I was never a Boy Scout, but have come to appreciate their motto, "Be prepared." For scouts, those two powerful words represent being in a state of readiness in mind and body to perform whatever duty is necessary. In any situation, to be prepared means you are ready and physically fit to perform as need be. After Hurricane Irma a couple weeks ago and the tornado and storms we endured in January, many of us have come to realize the importance of being prepared.
Along with food storage, water, a full tank of fuel, having a backup generator and other emergency items, we were ready to handle whatever Irma had to deliver. Fortunately, for most of us this devastating storm just amounted to a day of inconvenience and yard cleanup.
We have both expected and unexpected situations in our life that we need to prepare for. Just as we have insurance in case our health declines, it is important to create our own "insurance policy" for every area of life. The process of staying fit can act as insurance against heart disease, diabetes, and other diseases as we age.

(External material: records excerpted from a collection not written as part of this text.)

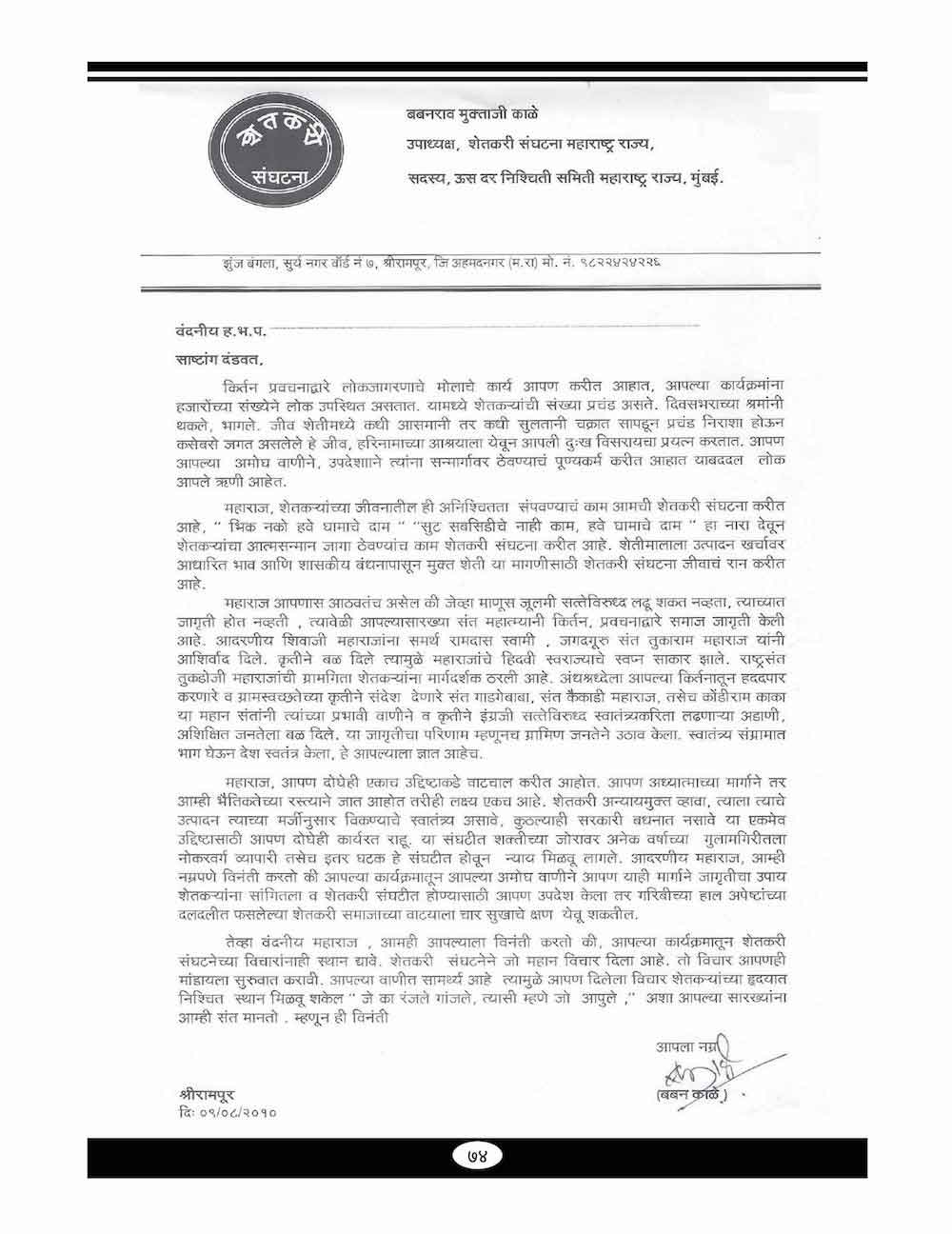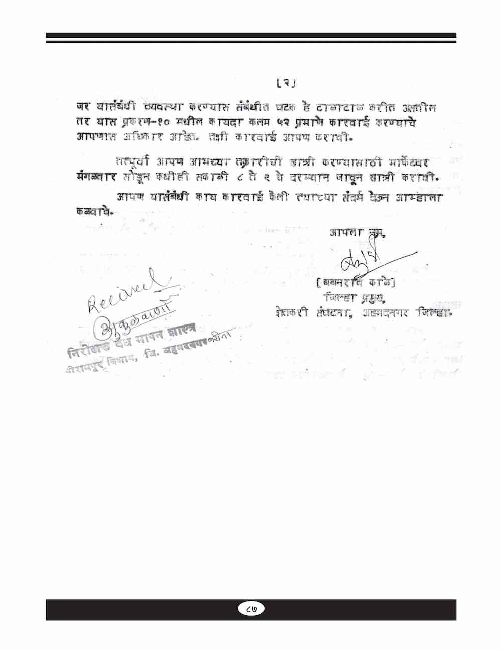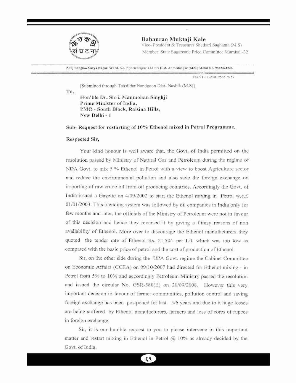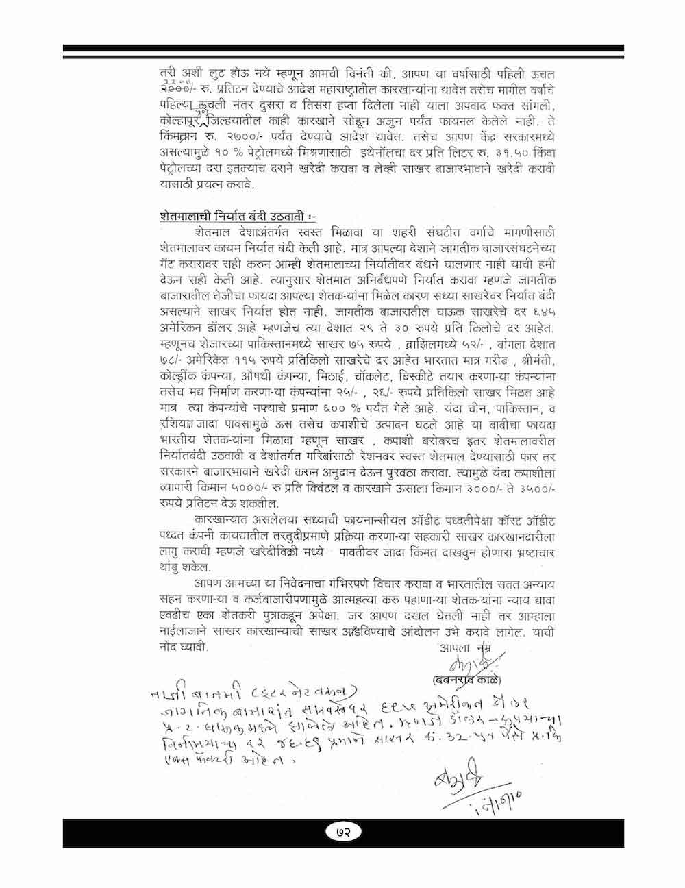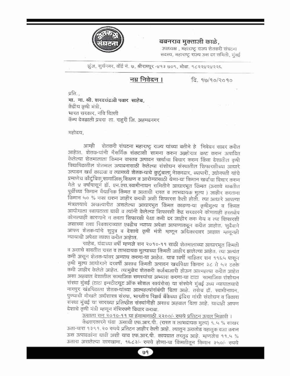 स्व. बबनरावजी काळे यांनी शेतकऱ्यांच्या विविध प्रश्न संदर्भात केलेले महत्वाचे पत्रव्यवहार - ६७
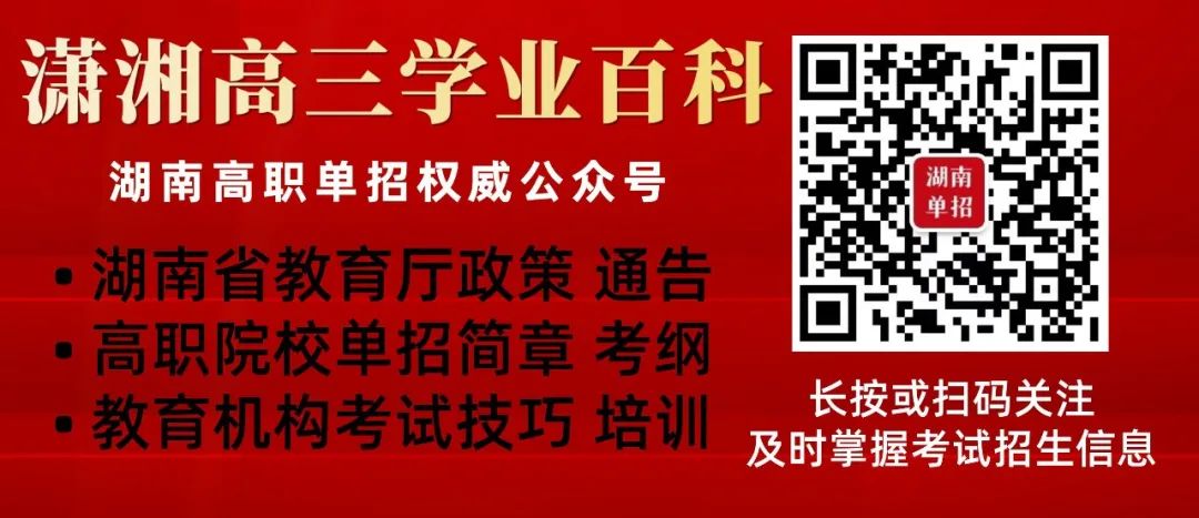 大家在备考过程中,可以把“潇湘高三学业百科”微信公众号,推荐给身边需要单招的同学,这里很多文章对大家单招帮助会很大。
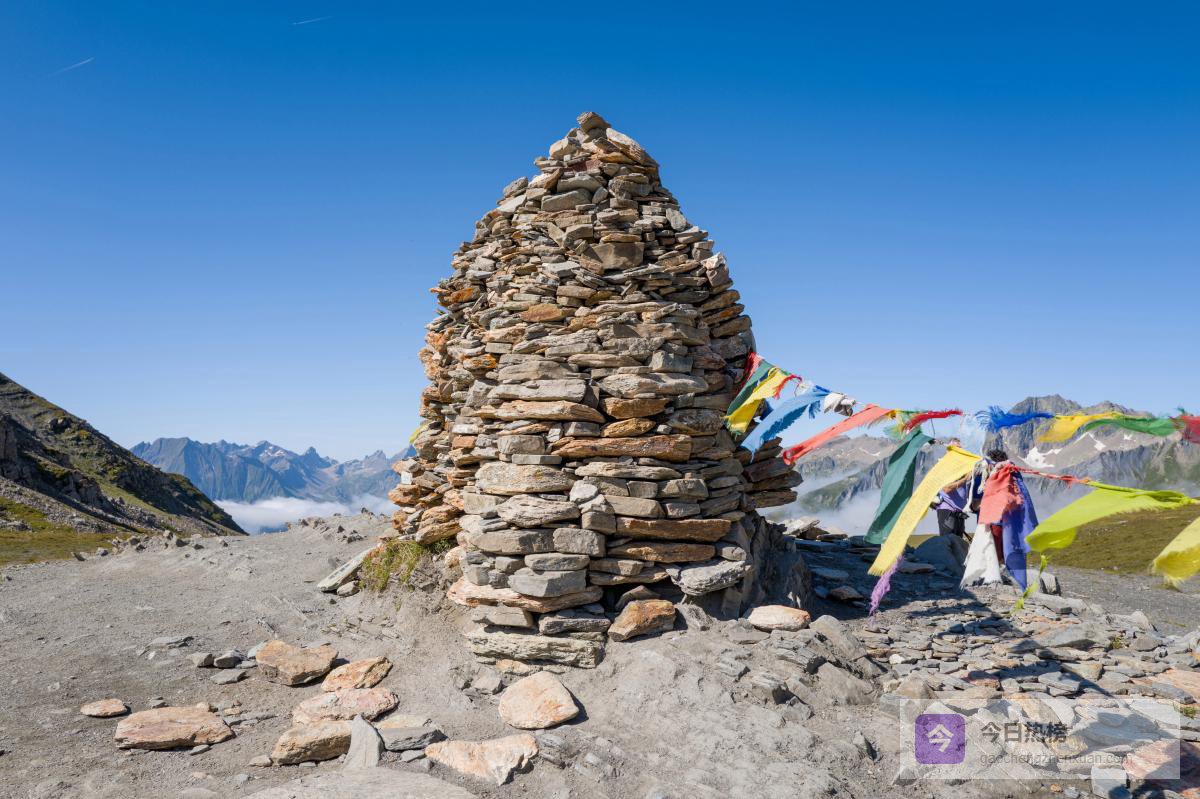高原的天气像个淘气的孩子,刚才还是晴空万里,转瞬间一朵乌云游过,豆大的雨滴噼里啪啦就砸了下来。赶紧披上雨衣,却也意外发现另一种意境。雨中的草甸绿得更显深邃,露珠在草叶尖上颤抖、滚落,雨丝洗刷后的空气更加凛冽清透,天地间仿佛只留下风雨的声音和自己的呼吸。偶然撞见几座古朴的玛尼堆,垒叠的石片上刻满神秘的经文和图案;五彩经幡在风雨中猎猎作响。人们说,风每吹动一次经幡,便是诵经一次。这些在风雨中飞舞的色彩,是信众对神山圣湖最虔诚的祈愿和最朴实的敬畏,在无垠的荒凉与壮美中,无声诉说着精神的支撑点。

But like other areas in life, preparedness is one of the more important aspects of maintaining a successful fitness plan. If you have emergency backup plans for other life situations, why don't you have one for getting healthy? Along with being prepared, also think purpose, plan and prioritize.
Purpose
What do you want to accomplish and why is that goal important to you? Your plan should be specific and relative to your needs and desires. Training with purpose and intent is vital to accomplish any fitness quest. Consider your current goals. Are they meaningful, or are they just a gluten free cookie-cutter replica of someone else's fitness goal? A goal that isn't attached to something deep and personal is a dead-end waiting to happen. It should hurt if you fail. If it doesn't, it won't drive you.
Plan
A successful plan sets quantifiable goals. Although it all starts with a goal, if you don't have an action plan your goals are just dreams. Be sure it is a realistic plan. If you've never exercised before and set a goal to run a 5-minute mile in a month, you've almost certainly set yourself up for failure. It's great to be motivated and set lofty goals, but they must be realistic. The sky can be the limit, but progress with incremental attainable goals. Lastly, always have a backup plan. Whether it's a hurricane or some minor catastrophe, even the best designed plans can go awry.
Prepare
Once your plan is in place, you must be prepared to execute. Being ready is not the same as being prepared. If you
have decided to change your lifestyle and are motivated than you are ready. Being prepared will take more conscious effort. This not only applies to exercise, but is of even more importance in maintaining healthy eating habits. Designate one day (Sunday for most) as a preparation day for your whole week. Make a list of your week's meals and the ingredients required for the entire week. Use this as your grocery shopping list. You can then prepare a whole week of meals and store them in individual covered containers for each day of the week. Without doing this, you will be more likely to impulsively grab something from a vending machine when you are hungry, or drive through a fast food place.
Prioritize
We get excited about getting in shape at the start of the year, or before an upcoming event like a class reunion, but as time passes our goals are moved lower on our totem pole of priorities. Only by making and keeping your fitness program a priority, will you avoid setbacks and relapses. Treat working out like an important errand. Work days can be hectic and tempt us to procrastinate on working out. You schedule times for other people and things in your life, so don't put your needs on the back burner. Schedule an appointment with yourself to unwind and re-energize.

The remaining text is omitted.